STACK GUIDE

Best Software for Yoga Teachers

Almost every "best yoga software" list is written for studios — front desks, multiple instructors, Mindbody-sized budgets. This one is for the solo teacher. The booking, website, online-class, and email tools you actually need to run a practice on your own, with honest pricing and a clear note on what to skip until you grow.

New to teaching online? Start with our step-by-step guide to launching online yoga classes from scratch, then come back here to choose each tool. Running a broader one-person business? Our solopreneur stack overlaps heavily with this one.

Last updated: June 2026 · Prices are approximate — confirm current rates on each tool's site before you buy.

The short version

If you only read one section, read this. Pick one tool per row. You do not need all of them on day one.

What you need Our top pick Budget pick Typical cost
Class booking & payments OfferingTree Momence (free start) $0–$100/mo
Private 1:1 scheduling Acuity Scheduling Calendly from ~$16/mo
Live online classes Zoom Pro Zoom Free $0–$15/mo
On-demand & courses Uscreen Teachable / Podia from ~$33/mo
Website Squarespace All-in-one built-in from ~$16/mo
Email & retention Flodesk MailerLite (free) $0–$54/mo
Marketing design Canva Pro Canva (free) $0–$15/mo
Starting out? Momence (free) + Zoom Pro + MailerLite (free) + Canva (free) gets you teaching for under $30/mo. Scale up from there.
Booking & Payments

Class booking and payments

This is the core decision. Your booking tool is where students find your schedule, reserve a spot, buy a class pack, and pay — and it is the one tool you will use every single day. Three options fit a solo teacher without studio-grade pricing.
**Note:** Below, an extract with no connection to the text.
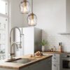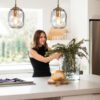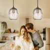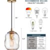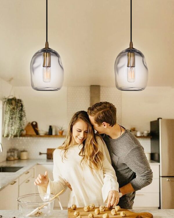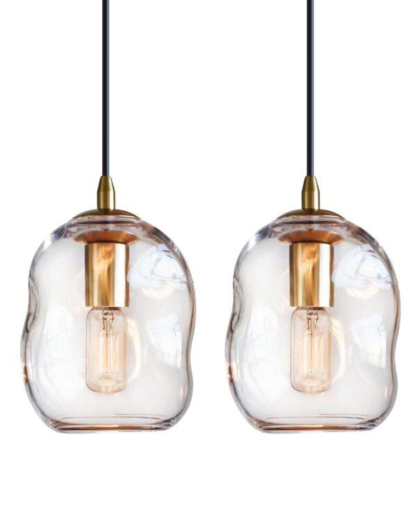 CASAMOTION Pendant Lighting Kitchen Island Modern Clear Glass Organic Globe Gold Kit Adjustable Cord Hanging Light Fixtures Dining Room Table Bar Counter Bedroom 8 Inch Height 2 Pack

Class booking: entry monthly cost Momence Free + transaction fees OfferingTree $26/mo Punchpass $34/mo
Entry monthly pricing for a solo teacher, as of June 2026. Momence is free but adds per-transaction fees; OfferingTree (indigo) is our pick. OfferingTree's Studio tier and Punchpass's larger plans cost more.
Our Pick — All-in-one

OfferingTree

One tool for everything: booking, a website, payments, and email — built specifically for wellness and yoga.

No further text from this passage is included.